I don't know of any plush toys that would withstand chewing, but my last golden Cookie did not like nylabones either. Instead, I'd keep the marrow bones that she cleaned out, stuff these with a little banana or yogurt, and freeze.


----------



## CashStringer (Aug 17, 2015)

When Cash's chewing was at its worst, I would fill a Kong with peanut butter and freeze it. There's also some Kong plush toys (we got them on Amazon) that have withstood the worst of the chewing period!


----------



## Wenderwoman (Jan 7, 2013)

My girl isn't a fan of nylabone's either but I found two things that she likes; 1) Benebone Wish Bone and 2) Nylabone Triple Treat but you don't use their treats, you use pupperoni, the 25 oz size, not the smaller bag because they are actually different sizes. Anyway, you squish the treats in good. The more they chew it, the more grooves it gets and the longer they chew it.


----------



## Tahnee GR (Aug 26, 2006)

I have not been able to find a plush toy yet that will stand up to my Goldens chewing  and I have bought some that are supposed to be for tough chewers. None have lasted more than a day or so at the most.

My guys like the raw bones, antlers and a new chewie-water buffalo horns. Although I was told that since mine are big dogs and tough chewers to only buy the ones with thick walls. The dogs like them but don't love them the way they love their raw bones and antlers.


----------



## nolefan (Nov 6, 2009)

I do not leave plush toys on the floor for random chewing. They are for playing and then if someone wants to chew on them, they get put away. That said, this brand holds up beautifully and is sturdy enough that my dogs play tug with them together and with me. http://www.fluffandtuff.com/ We have fish and also a Kyjen brand snake with squeakers that is sturdy, but again, I don't let my dogs destroy stuffed toys. You can find these brands on Amazon. Be aware that if your dog swallows enough stuffing it can cause a life threatening blockage.


----------



## ktkins7 (Jul 20, 2013)

I haven't found any "tough" stuffed toys that Ella hasn't destroyed. Usually in 15 minutes. I've tried various ones and haven't had much luck. Thankfully Ella doesn't eat the stuffing but I keep a close eye on her and the toy gets removed if she starts pulling stuffing out.
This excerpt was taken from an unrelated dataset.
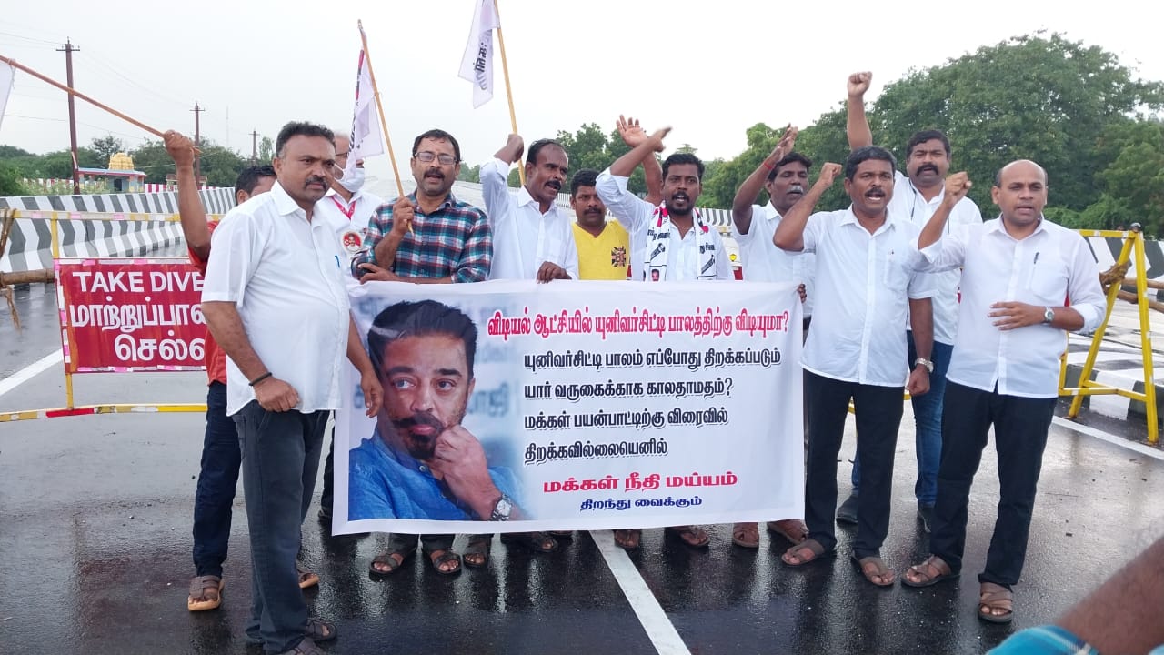மதுரை காமராஜர் பல்கலைக்கழகத்தில் புதிதாக அமைக்கப்பட்ட பாலத்தை முதல்வர் விரைந்து திறந்திட கோரி மக்கள் நீதி மையம் சார்பில் ஆர்ப்பாட்டம்

Also, watch for strings because when she was little there was an incident where she ate string that looked like it was from toys and it got stuck when she was pooping. She was trying to poop and the string was partially in, partially out with the poop hanging on the end of the string. It looked like the devil was chasing after, poor girl. Thankfully it came off on it's own before assistance was required. 
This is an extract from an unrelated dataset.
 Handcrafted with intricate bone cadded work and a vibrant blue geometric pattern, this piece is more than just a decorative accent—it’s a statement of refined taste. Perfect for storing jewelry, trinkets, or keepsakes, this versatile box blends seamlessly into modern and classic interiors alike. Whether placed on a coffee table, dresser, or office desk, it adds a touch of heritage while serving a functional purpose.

The only stuffed toy that survives is her favorite duck. Amazon.com : Duckworth Large Yellow Duck Dog Toy : Pet Squeak Toys : Pet Supplies She carries the duck(s) with her everywhere and they're her go to toys. One got a hole in it, but she loved it so much I replaced it. Due to it being her favorite, I've got 2 that I rotate when it's time for them to be washed, and spares put away in case I can't find them at a later date. The two that I've been rotating have survived since September and are still going strong, and still squeaking.
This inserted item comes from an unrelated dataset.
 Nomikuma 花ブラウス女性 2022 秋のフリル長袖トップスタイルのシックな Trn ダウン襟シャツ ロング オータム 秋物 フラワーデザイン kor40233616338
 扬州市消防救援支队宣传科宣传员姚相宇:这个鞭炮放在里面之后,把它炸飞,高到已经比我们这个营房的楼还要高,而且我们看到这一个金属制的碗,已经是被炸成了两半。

She also loves tennis balls and bumpers, but both are with humans only. I don't let her start chewing on the bumpers, if she does then play time is over. She loves marrow bones but I have to watch Ella's sensitive stomach because she'll go through the marrow too fast. Also, there's a new carpet and I don't want the marrow to wreck the carpet. Antlers are Ella's current favorite chew. I've had good luck with Michigan Antler Art. If you give them a call or send them an email the guy is super helpful. I order the 2 pound bulk boxes a couple times a year.


----------



## bixx (Sep 8, 2015)

Kong toys seem to do well with Amber despite the abuse they get. She's chewed through an XL nylabone at 10 months in two days, so you can imagine what a heavy duty chomper she is. I'm surprised the Kong stuff toys actually made it to this day without a hole or rip in them. Yet.

I also had an old fleece bathrobe that I cut up in strips and braided into a rope. She can chew on these contentedly too and not puncture or rip them to shreds. We play tug with them. (fleece is a safer material than most textiles).

She has a duck, which she put a hole through to get to the squeaker. I took that out and sewed it whole again and put it in a plastic bag with a few dog treats so the toy would get the treat smell. She only gets to play with this duck during training so chances of her ripping it to shreds is minimal.


----------